Thanks for your insight.

One other thought I had was to store a reference count with the "song".  When the last "playlist"
referencing the "song" is deleted the "song" will also be deleted because the reference count
decrements to zero.   However, this would create some nastiness when it comes to reliably
maintaining reference counts.   I'm not sure if it would help to split the reference count
into two monotonically increasing counters (number of references added, and number of references
deleted).

In my case, users cannot browse a repository of "songs" to build a playlist from scratch.
 They can only import "songs" themselves or create references to "songs" other users have
explicitly made available to them.  Once a "song" is not referred to by any "playlist" it
will never be re-discovered so it should be deleted.   This could be done in some sort of
background data maintenance job that runs periodically.   Even if it is a low-priority background
job it look like it will create a lot overhead (scanning and producing counts).

John
From: Edward Capriolo [mailto:edlinuxguru@gmail.com]
Sent: Wednesday, February 26, 2014 5:56 AM
To: user@cassandra.apache.org
Subject: Re: Naive question about orphan rows

It is probably ok to have redundant songs in playlists, cassandra is about denormalization.

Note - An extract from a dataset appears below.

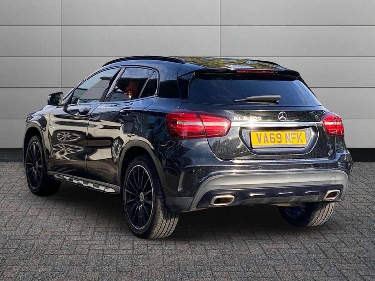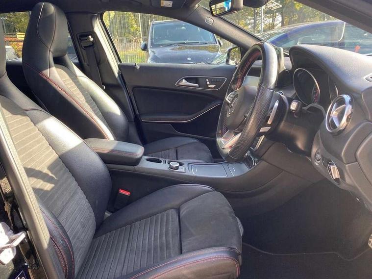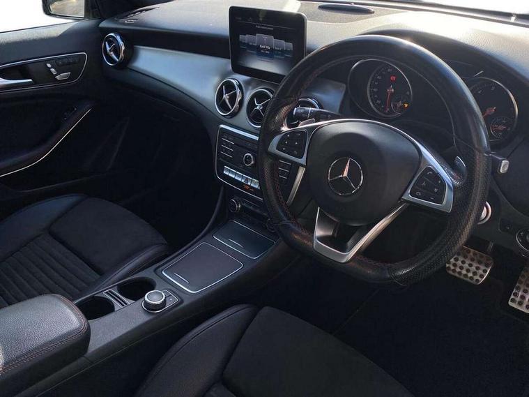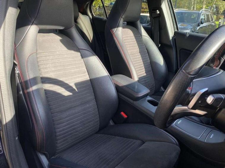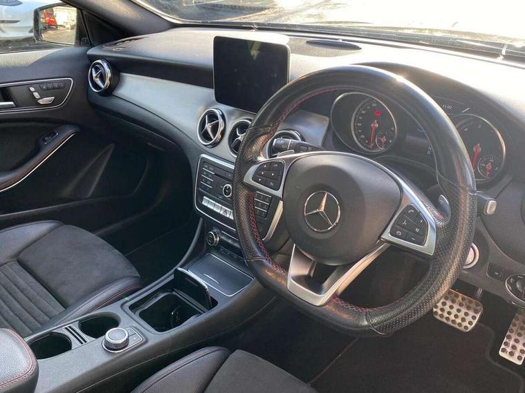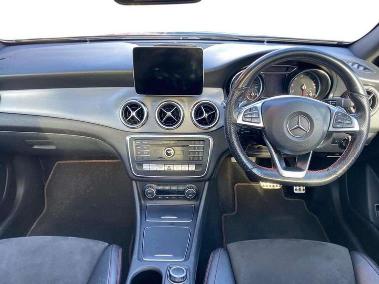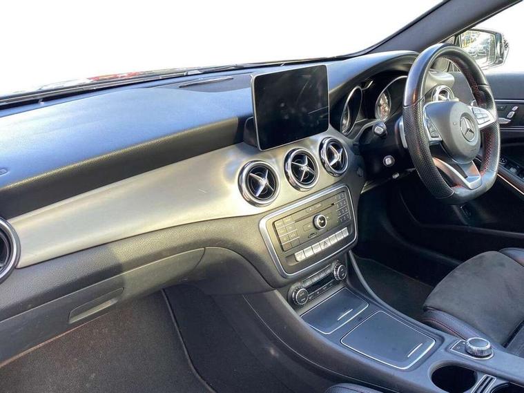 180 degree reversing camera with parking guidelines, 4 analogue dials and needles suspended in six o'clock position, Attention assist, DYNAMIC SELECT with a choice of driving modes (ECO, Comfort, Sport and Individual), Easy-pack tailgate - Powered opening/closing automatically, ECO start/stop function, Fluid level warning indicator for fuel, oil, coolant and washer fluid, Instrument cluster, Mercedes me connect including emergency call system, accident recovery, breakdown and maintenance management, Multi function trip computer, Outside temperature gauge, Parking pilot with front and rear parking sensor and steering assist, Service indicator (ASSYST), Smartphone integration with Apple CarPlay and Android auto, Sports speed sensitive direct steer system with servo assistance, Off road comfort suspension, 8" media display touchpad, Audio 20 radio/single CD/MP3, 6 speakers, telephone keypad, twin radio tuner, Bluetooth, 2 USB ports, SD card slot and Garmin Map pilot nav system, Media interface, Adaptive brake lights, Automatic headlamp activation, Body colour door handles with chrome inserts, Body coloured bumper with front and rear apron trim in matt titanium grey, Chrome beltline strips, Electric front windows, Electrically adjustable and heated door mirrors, Front door sills with Mercedes-Benz lettering, Front fog lights, Full LED tail lamps, Heat insulating dark tinted privacy glass from the B-pillar backwards, Heated glass rear windscreen + timer control, LED High performance headlamps with adaptive highbeam assist, LED third brake light, Panoramic sliding sunroof, Rain sensor windscreen wipers with two sensitivity stages, Rear windscreen intermittent wiper with automatic activation when reversing, Roof mounted radio aerial, Two pipe visible exhaust system with chrome tailpipe tips, 1/3 to 2/3 split folding rear seats, 12 colour Ambient lighting, 12V power socket in centre console, 12V socket in luggage compartment, 3 spoke and 12 button flattened bottom multifunction steering wheel trimmed in nappa leather with perforated leather grip area, Air conditioning - Two zone thermotronic luxury automatic climate control with display, Air vents with chrome surround and cruciform nozzles, Ambient lighting in front headrests, AMG brushed stainless steel sports pedals with rubber studs, AMG floor mats with AMG lettering and stiched edging, Artico man-made leather/Microfibre Dinamica upholstery with red contrast stitching, Auto Mercedes-Benz child seat recognition sensor, Black roof lining, Electrically adjustable front memory seats with four way lumbar support, Front centre armrest with stowage, Front footwell lights, Front seat cushion length adjustment, Gearshift paddles, Heated front seats, Illuminated door sills, Illuminated glove compartment stowage, Interior door handle illumination, Luggage compartment cover, Manually height and reach adjustable steering column, Rear footwell lights, Rear Reading Lamps, Sports seats with integrated head restraints, Stowage compartment beneath load compartment floor, Stowage compartment lighting, Sunvisors with illuminated vanity mirrors, Twin front cup holders, Two outer rear seat isofix and top tether child seat fixing points, White courtesy and red warning lights in front doors and boot lid, Comfort seat pack - GLA Class, Keyless go comfort pack - GLA Class, Mirror pack - GLA Class, 3 rear three point seatbelts, Active bonnet pedestrain safety measure which detects an impact and raises bonnet by 65mm, Active brake assist, Adaptive brake assist with hold function and hill start assist, Anti-lock braking system (ABS), Black seat belts, Childproof locks manually operated for rear doors and electrically operated for rear power windows, Crash responsive emergency lighting, Drivers knee airbag, Dual stage driver and front passenger airbags, Electronic parking brake, Electronic stability programme with acceleration skid control, Front and rear seatbelt reminder, Front passenger seat occupancy sensor, Front side airbags, Tyre pressure monitoring system, Warning triangle and first aid kit, Window airbags, Anti-theft alarm system/interior protection with tow-away protection and interior monitoring systems, Chrome surround in electric key, Remote central locking, Light aluminium with longitudinal grain interior trim, Run flat tyres,

Dealing with this issue is going to be hard since the only way to dwal with this would be
scanning through the firsr cf and procing counts then using that information to delete in
the second table. However that information can change rapidly and then will fall out of sink
fast.

The only ways yo handle this are

1) never delete songs
2) store copies of songs ib playlist

On Friday, February 21, 2014, Green, John M (HP Education) <john.green@hp.com<mailto:john.green@hp.com>>
wrote:
> I'm very much a newbie so this may be a silly question but ...
>
>
>
> I have a situation similar to the music service example (http://www.datastax.com/documentation/cql/3.1/cql/ddl/ddl_music_service_c.html)
of songs and playlists.  However, in my case, the "songs" would be considered orphans that
should be deleted when no "playlists" refer to them.  Relational databases have mechanisms
to manage this relationship so that a "song" could be deleted as soon as the last "playlist"
referencing it is deleted.    While I do NOT need to manage this as an atomic transaction,
I'm wondering what is the best way to delete orphaned rows (i.e., "songs" not referenced by
any "playlists")  using Cassandra.
>
>
>
> I guess an alternative approach would be to store "songs" directly in the "playlists"
but this could lead to many redundant copies of the same "song" which is something I'm hoping
to avoid.  I'm my case the "playlists" could have thousands of entries and the "songs" might
be blobs of 10s of Mbytes.    Maybe I'm just having a hard time abandoning my relational roots?
>
>
>
> John

--
Sorry this was sent from mobile. Will do less grammar and spell check than usual.